Если моя строка представляет собой последовательность ДНК,

x<-"TATAATGCAACGAGGGGCATAATTATATATGCCCAAAATCTGATATAATGACCGGGTAG"

Я хочу извлечь подстроку из ATG в TAA, TGA или TAG. Я могу извлечь из одной точки в другую с помощью пакета string i с регулярным выражением.

Мой код

stri_extract_all(x, regex = "ATG.*?TAA")

Помогите мне решить мой вопрос.

2 ответа

Я верю что ты имел ввиду str_extract_all от stringr пакет.
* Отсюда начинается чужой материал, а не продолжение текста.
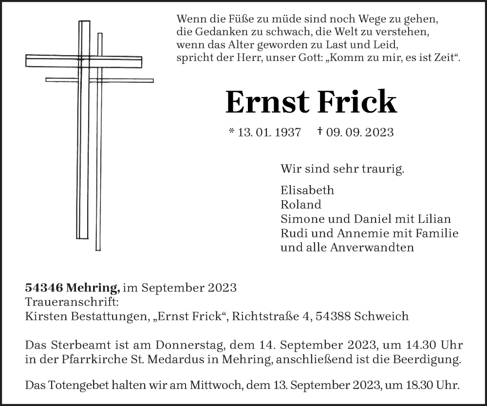 Hier finden Sie alle Traueranzeigen aus der Zeitung, die bisher für Ernst Frick erschienen sind. Weitere Traueranzeigen, die in der Zeitung erscheinen, werden hier ebenfalls aufgelistet
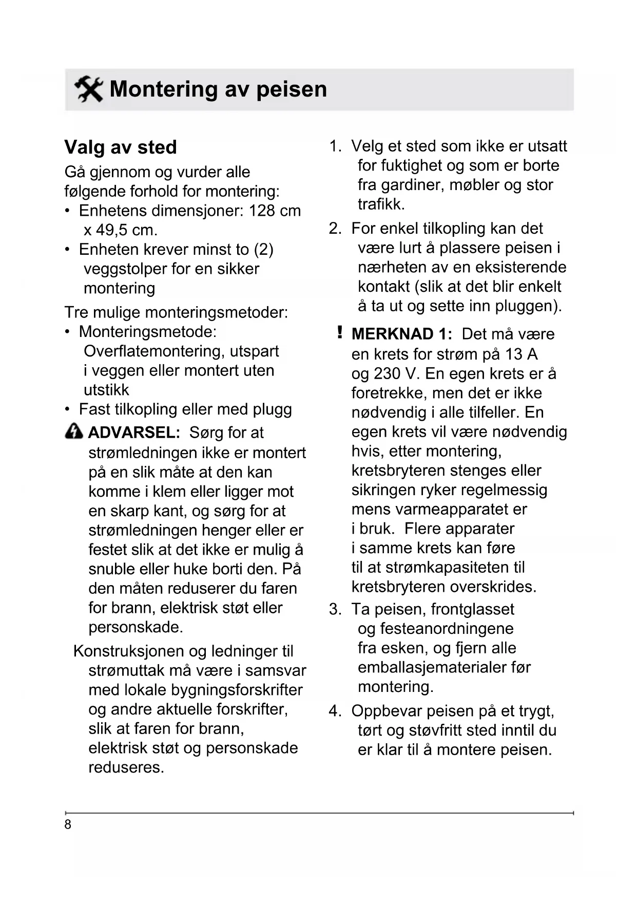 være lurt å plassere peisen i nærheten av en eksisterende kontakt (slik at det blir enkelt å ta ut og sette inn pluggen).
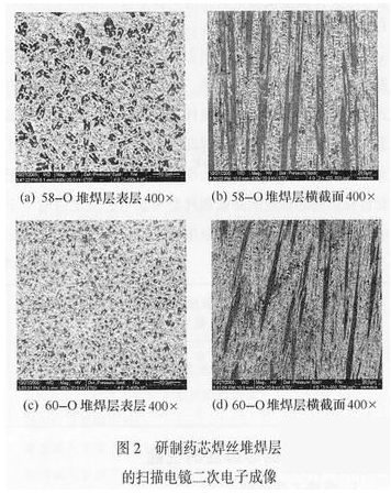 3.堆焊层金相组织 采用Quanta200型扫描电子显微镜对研制药芯焊丝堆焊层表面和横截面金相组织进行了分析,照片如图2所示。
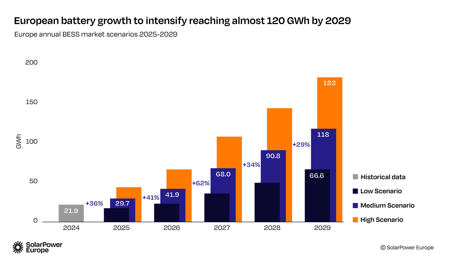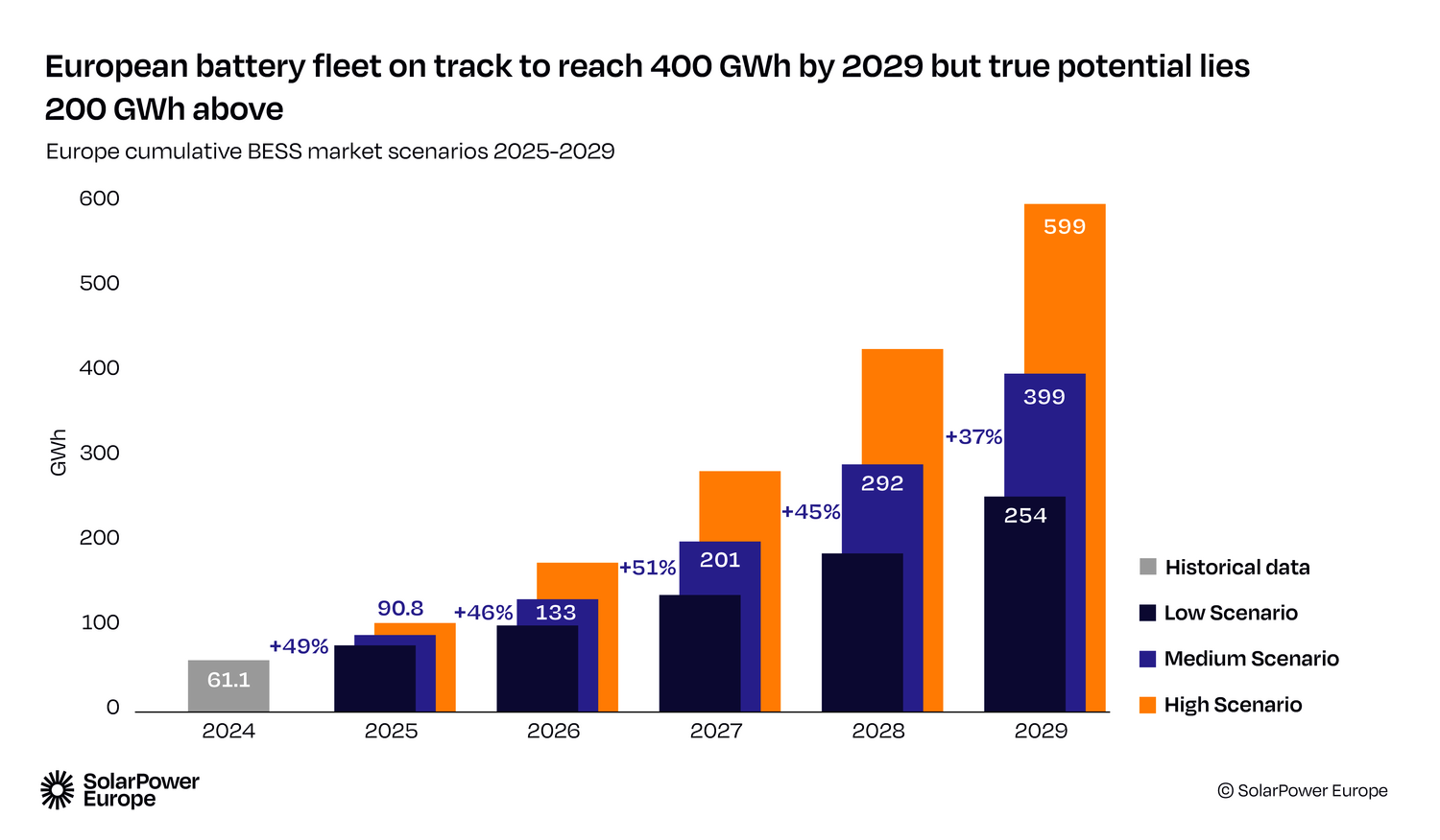 Despite positive market developments, SolarPower Europe stresses that the European battery storage market needs to grow at an even faster rate to meet the rising demand for grid flexibility. A potential total volume of up to 400 GWh is projected for 2029 – an ambitious but necessary target for the energy transition.

Эта функция не имеет аргумента под названием regex; тебе нужно pattern, Как только вы получите, вы можете просто использовать или | разрешить любое из окончаний последовательности.

library(stringr)
str_extract_all(x, pattern="ATG.*?(TAA|TGA|TAG)")
[[1]]
[1] "ATGCAACGAGGGGCATAA" "ATGCCCAAAATCTGA"    "ATGACCGGGTAG"

Вот возможность использования Biostrings:

library("Biostrings")

x <- "TATAATGCAACGAGGGGCATAATTATATATGCCCAAAATCTGATATAATGACCGGGTAG"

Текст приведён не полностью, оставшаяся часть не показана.